To be sure, high-end sales tend to skew the average prices, but data show price appreciation across all markets. The median list price for existing homes in February in Miami was $290,000, up 5.5 percent from a year ago, according to the National Association of Realtors. In West Palm Beach-Boca Raton, the median list price leaped 14.2 percent, to $265,000, NAR data show. In Fort Lauderdale, the median listing rose 8.4 percent over the year, to $189,777.

“The market is being driven by really basic fundamentals of supply and demand,” Douglas Elliman Florida CEO Jay Parker said. “There is simply not a lot of inventory and sellers are being aggressive.”

While the inventory of existing homes across South Florida did actually increase 17.8 percent year-over-year in the last week of February, according to Condo Vultures, it’s still low historically and brokers report demand outpaces the supply growth.
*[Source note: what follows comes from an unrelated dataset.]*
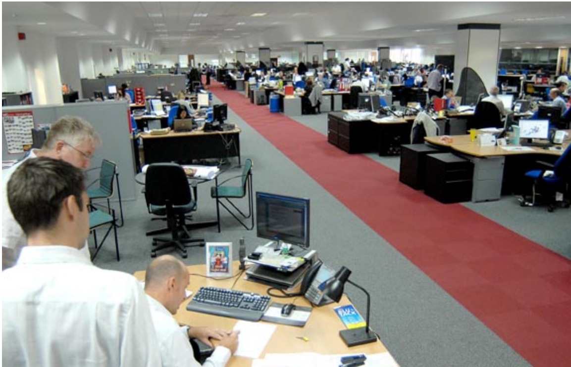
Inside SMTC tech centre.

This purchase was completed in 2007, when SAIC Motor UK Technical Centre immediately began operations.

“I think we are seeing a strong and sustainable market,” Parker said.

Brokers also noted a difference in buyer demographics. New construction buyers tend to be international investors purchasing a vacation property, who are able to wait while the building goes up. Existing homebuyers, especially those purchasing single-family properties, tend to be domestic full-time South Florida residents.

“New construction inventory, generally speaking, requires a 50 percent deposit, and that is a year and a half before you can take occupancy of the property,” said Alicia Cervera Lamadrid, managing partner of Cervera Real Estate. “So for a lot of domestic buyers that is not palatable and many times it is not viable. If they are going to put that much money down, then they need to move into the property.”

Parker said many domestic buyers are moving from high-tax states, like New York.

“With the ability today to work from almost anywhere, we are seeing more and more buyers from New York flock to South Florida,” Parker said.

“New Yorkers are used to paying $3,000-to-$4,000 per square foot, and for them to come here and pick something up for $2,000, or even $3,000 on the luxury end, it’s a bargain,” he maintained.

Top existing home sales

In February, Palm Beach County also dominated South Florida in terms of the priciest existing home sales, with the top five sales totaling about $74.5 million, compared with $60.4 million last year.

The largest resale deal in Palm Beach County, and all of South Florida, through the end of February was the $25.5 million trade of 120 Jungle Road. The 18,000-square foot mansion was sold by Silver Lady Palm Beach of Dublin, Ohio, which had Mark Brentlinger identified as its managing member on the deed. The purchaser, Jungle Road LLC, listed the West Palm Beach office of law firm Gunster as the company’s mailing address. The three-story, six-bedroom home was built in 1926 and saw substantial renovations in the last decade. It was listed by Corcoran brokers Paulette and Dana Koch, with an original asking price of $30 million.

Miami-Dade ranked second in dollar volume, despite a year-over-year decline. The top five deals in the county this February totaled about $33 million, down from $37.5 million in February 2013.

Shelton and Stewart’s Tracey Spiegelman had Miami-Dade’s top resale in February at 720 South Mashta Drive, a 6,328-square-foot single-family home that sold for $9.8 million.

Finally, Broward County saw an increase to $27.9 million in total dollar volume of its priciest five home sales, from $26.4 million in Februay 2013. The largest resale deal of February was for $8.35 million at 2550 Del Lago Drive in Fort Lauderdale. The 12,147-square-foot, seven-bedroom, single-family home sits along the Cordelia River. Joy Triglia of Patton & Co. Realty had the listing.

“I think a lot of people who were sitting on the sidelines and saying, ‘Let’s see where the market goes. I don’t have to buy now,’ are now thinking, ‘If I don’t buy now, I’ll get priced out of the market,’” Parker said.

“I see values continuing to rise,” he added. “There is not a lot of developable land in South Florida, which is making our market robust, opportunistic and more stable than it has ever been.”